Beside this, I always need to provide the "corresponding source" code to the recipients of the binary application per Section 6.

The section 6 is rather complex and handles many different scenarios. The simplest for an open source mobile app is likely to use the 6 a):

a) Convey the object code in, or embodied in, a physical product (including a physical distribution medium), accompanied by the Corresponding Source fixed on a durable physical medium customarily used for software interchange.

This would mean that I would likely: - include a link to download the source code on the app store web page for my app. This way any downloader would have the opportunity to get the source code at the same time as getting the app.

  • inside my app, also include a link to download the source code on the app store web page for my app.

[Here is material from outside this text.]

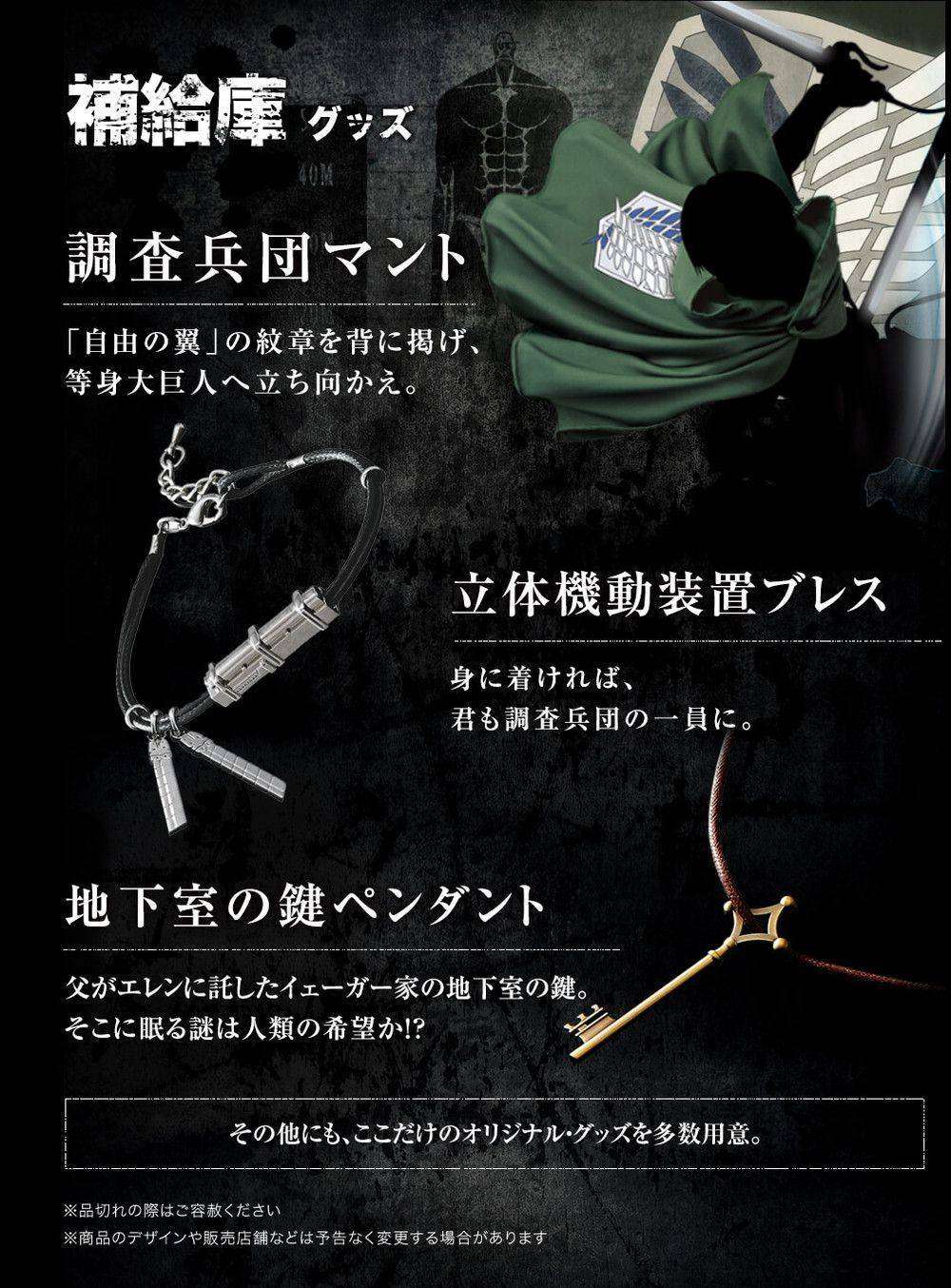 Selain itu Universal Studio juga menyediakan ransum makanan ala para personel Survey Corps seperti bacon, kentang, roti rasa teh hitam, dan sup (untuk komandan), maupun kentang, roti, dan sup (untuk prajurit biasa). Univeersal Studio juga menjual perlengkapan para Survey Corps seperti mantel, gelang berbentuk 3D Maneuver Gear, maupun kunci.

My hope is that absorbing others' code into my own directory structure (rather than keeping it in com.watabou.*, etc.) isn't going to cause me a legal headache. I just prefer being able to organize the code as I see fit, and toss the bits that I never plan to use, since I can always access it again through Github if need be.

I have no special additional requirements if I change the directory structure per se, the requirements apply to modifications in general.